The early bird gets the worm! If you wake up early on Sunday morning, be sure to visit El Charco de la Pava. The market is open from 8 am to 3 pm but don’t expect too much from it. When I ventured there for the first time it reminded me of gypsy festivals. You can easily find fruits, second-hand clothes, spare parts here. Finding something rare can be a tough task, but there is no better place for obtaining cheap souvenirs for friends and family. You can find Bohemian glass, porcelain vintage dolls, and vintage style statues. Some of them made in China. Negotiating a price is a must here. Watch your bags to avoid problems with pickpockets. Quick tip: visit El Charco de la Pava as early as possible, since there is very little shade. Exploring the market after 10 am can be tiresome because of the heat.
Where to Find El Charco de la Pava: Av.
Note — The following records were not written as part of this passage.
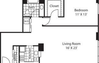 Studio, 1 bath, 616 sqft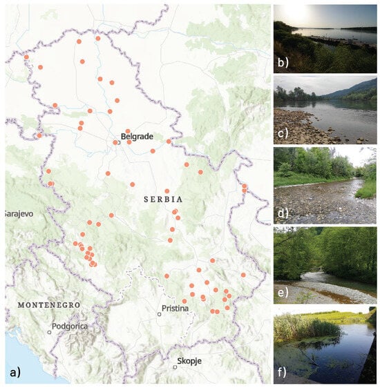 Study area with (a) the geographic position of 75 study sites across Serbia, and photo examples of study sites (b) WBT 1—large rivers with fine substrate (c) WBT 2—mix of large and medium rivers with coarse substrate (d) WBT 3—small watercourses with coarse substrate (e) WBT 4—small mountainous rivers and streams (f) WBT 5—slow flowing/stagnant waters (artificial canals and reservoirs).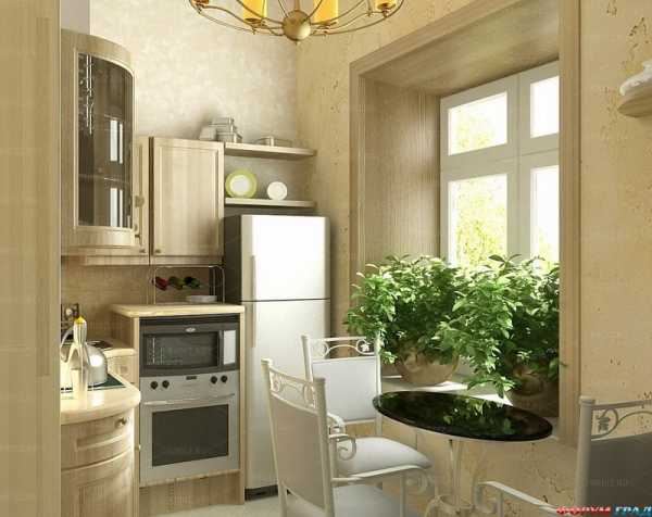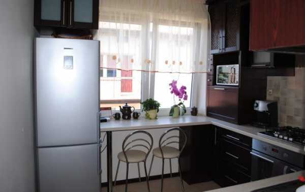 Малогабаритные кухни с холодильником требуют некоторой фантазии при дизайне. При дефиците места специалисты советуют размещать мойку, плиту и холодильный агрегат в один ряд. В таком случае, место холодильника часто оказывается у окна – в этом случае можно приобрести аппарат необычной расцветки или с зеркальной поверхностью.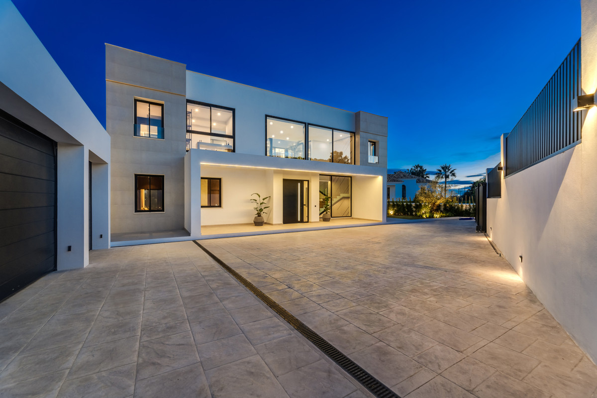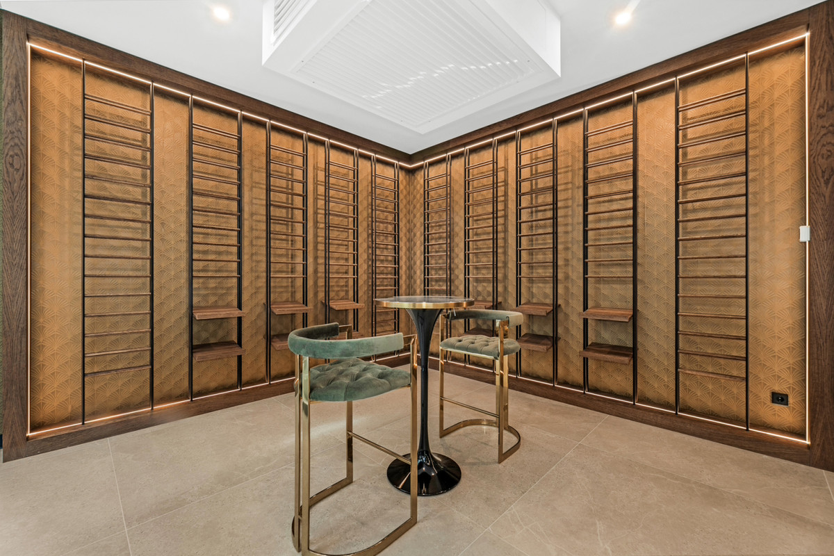 De master suite biedt twee en-suite badkamers en twee inloopgarderobes. Extra kenmerken zijn een personeelskamer, wasruimte en een garage voor vier auto’s. De villa is ook uitgerust met de nieuwste OLED-tv en een BOSE-geluidssysteem met AI-integratie.
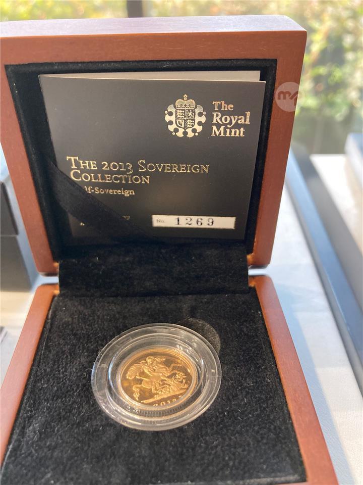 Half gold sovereign 2013 in a beautiful wooden box with a certificate ELIZABETH II Perfect for a Christmas gift, birthday, wedding, or Holy Communion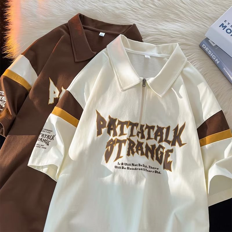 纯棉翻领夏季POLO衫短袖T恤男日系宽松学院风情侣复古休闲男士上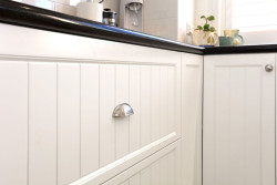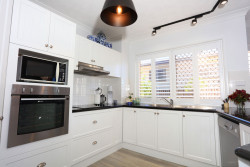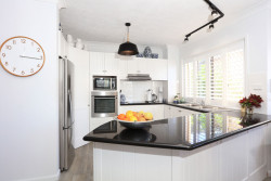 Our client wanted to create a beach style design to enhance the relaxed beach lifestyle of the Gold Coast. As the kitchen layout was not going to be changed and because the benchtops, appliances and internal frames of the kitchen cabinets were in good condition, we were able to suggest a kitchen reface where we just replace the doors, drawers and gable ends, saving big dollars.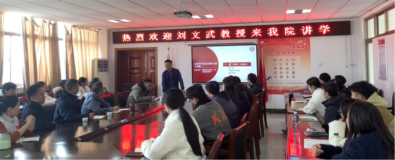 近日,华东师范大学体育与健康公司教授、博士生导师刘文武受邀来william威廉中文官网,举办主题为“体育学术论文撰写方法与实施”的学术讲座。此次讲座由william威廉中文官网副经理孙明运教授主持,公司教师和研究生到场聆听讲座,参与交流与学习。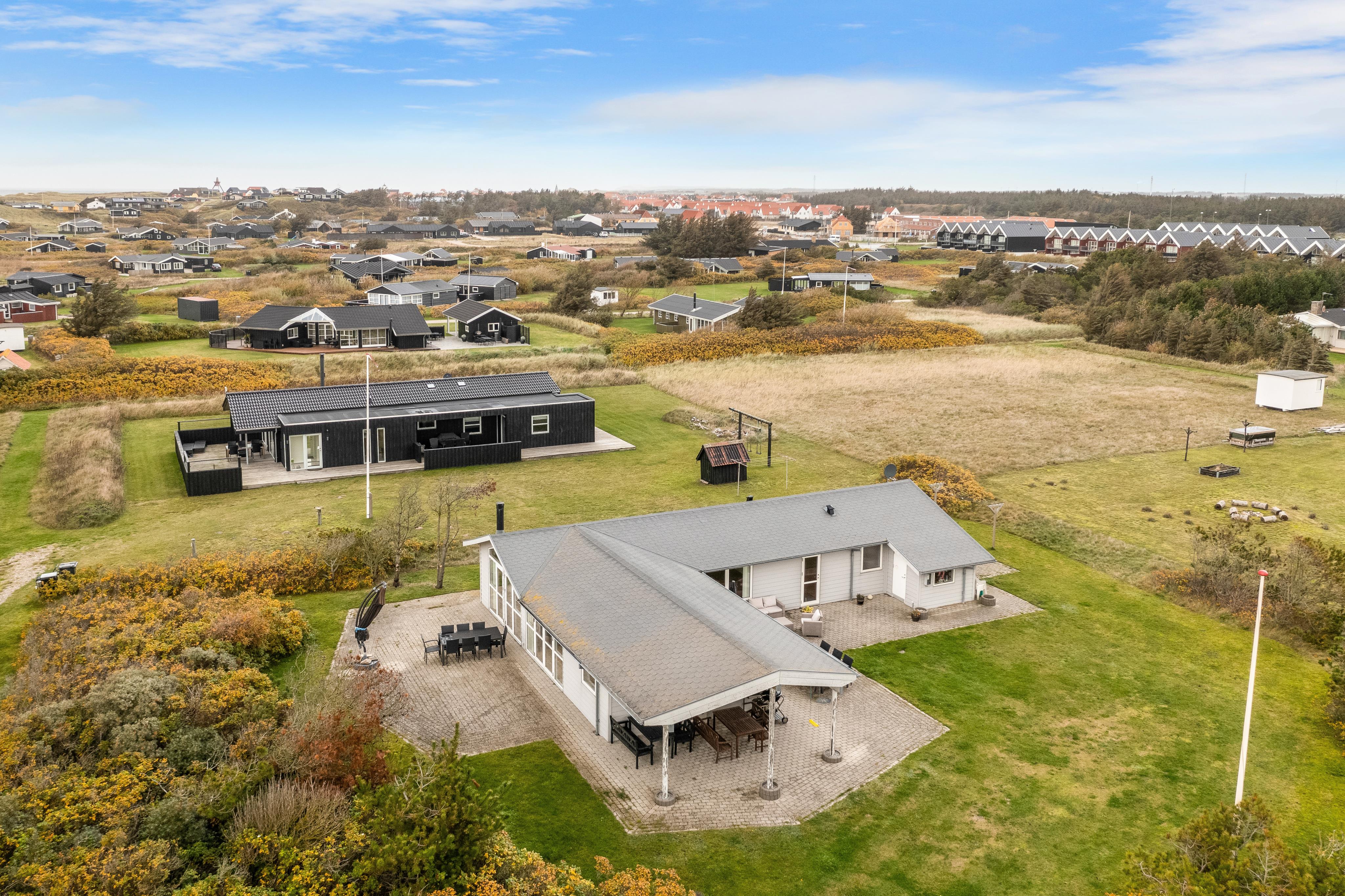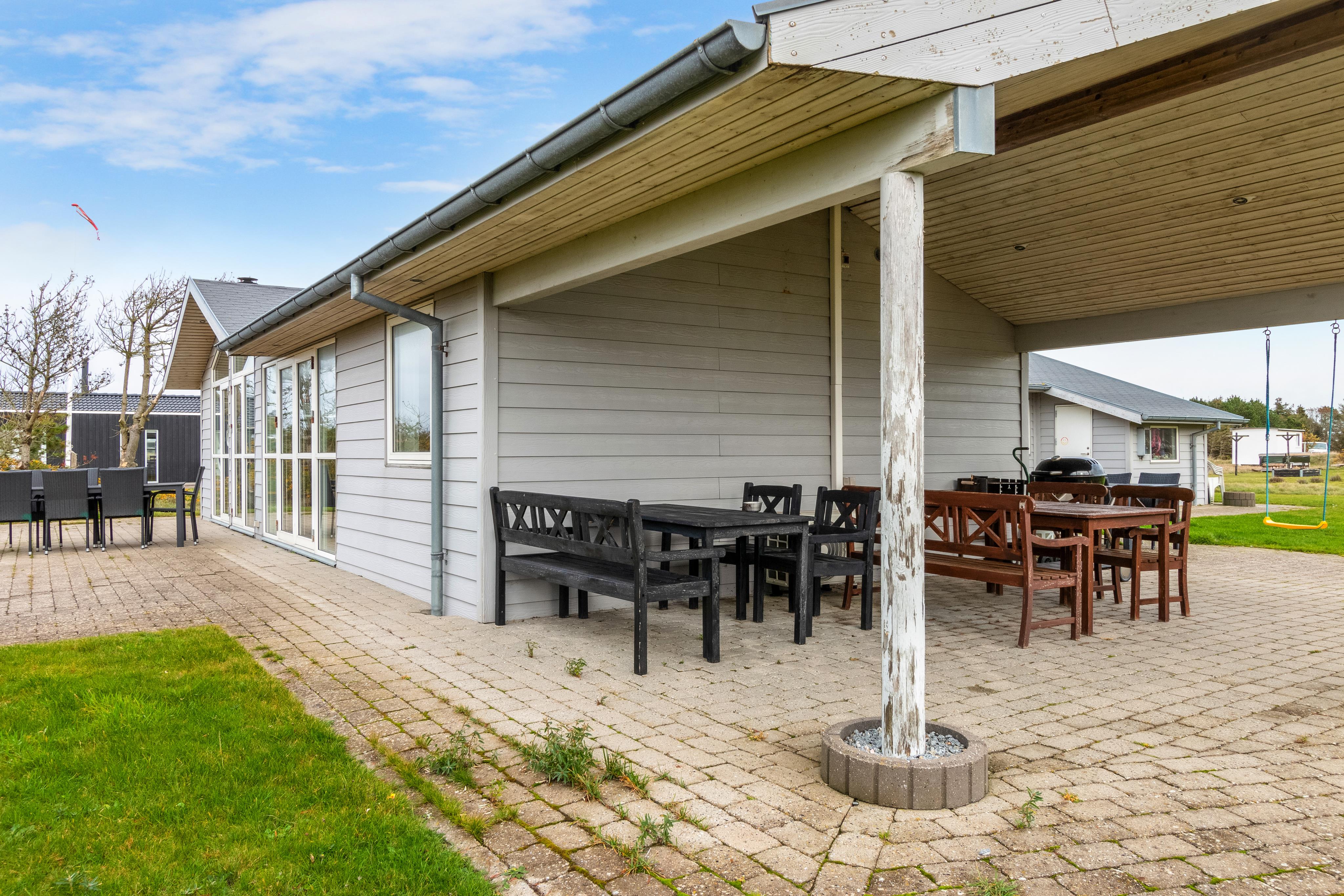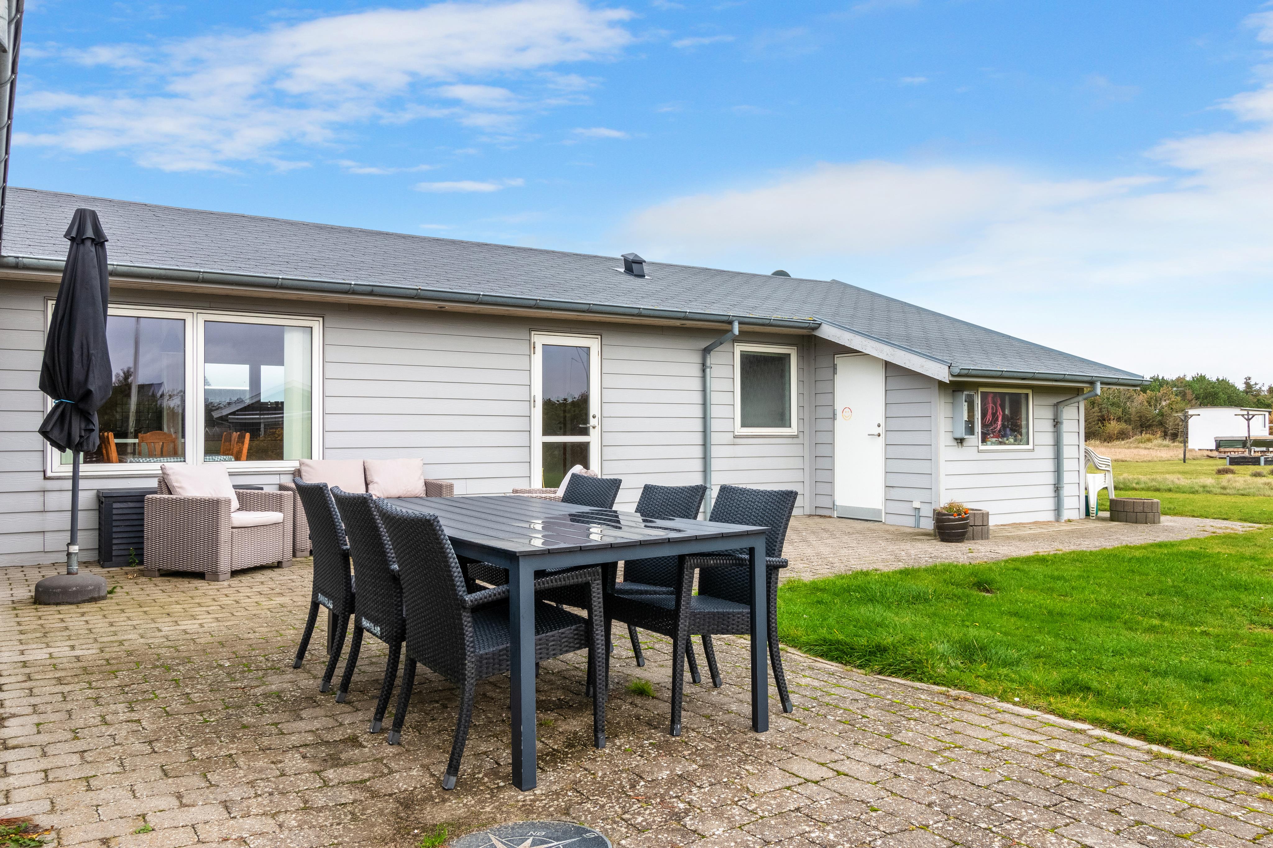 It is not often that you see a light gray holiday home in Løkken, Denmark. But allow us to present one of the rarities here -> Welcome to Magnus Christensens Vej 14! Here you will find a charming holiday home for rent with room for 8 people and two pets. As mentioned, the house is light grey, and both inside and out it is a bright and airy holiday home. The atmosphere is relaxed and cozy, and the house invites you to a Danish summer holiday at its best. You can lounge in the cozy couch arrangement or take a seat at one of the lovely sun spots on the terraces - where you can choose between dining tables and chairs, or beautiful outdoor lounge furniture. In the large kitchen, there is plenty of space to show off your culinary skills while chatting with your fellow vacationing guests in the open kitchen/dining room.

Carlos III, 41092 Seville
Get Lost in the Triana Neighborhood
Triana is a little bit chaotically built-up neighborhood that differs drastically from the quiet and relaxed Santa Cruz. A century ago this working-class neighborhood was home to flamenco dancers, sailors, and large gypsy community. Gypsy people usually lived in corrales or communal homes. While most of the corrales have undergone a reconstruction or was removed, several of them can still be found in Triana. However, this is not a gypsy neighborhood anymore.
I had enough time to visit the old Carthusian Monastery Santa Maria de las Cuevas. Built in the 15th century, it was transformed into ceramics factory but undergone a reconstruction in the early 90s to become an Andalusian Center for Contemporary Art. While there is an entrance fee, the inner yard is the place for occasional flamenco dances.
You can’t visit Triana without seeing Puente de Triana or Triana Bridge. It connects Triana with the city center and it’s one of Seville’s most precious architectural gems. I took a stroll on the bridge at night and enjoyed a fascinating view of the Torre del Oro from it.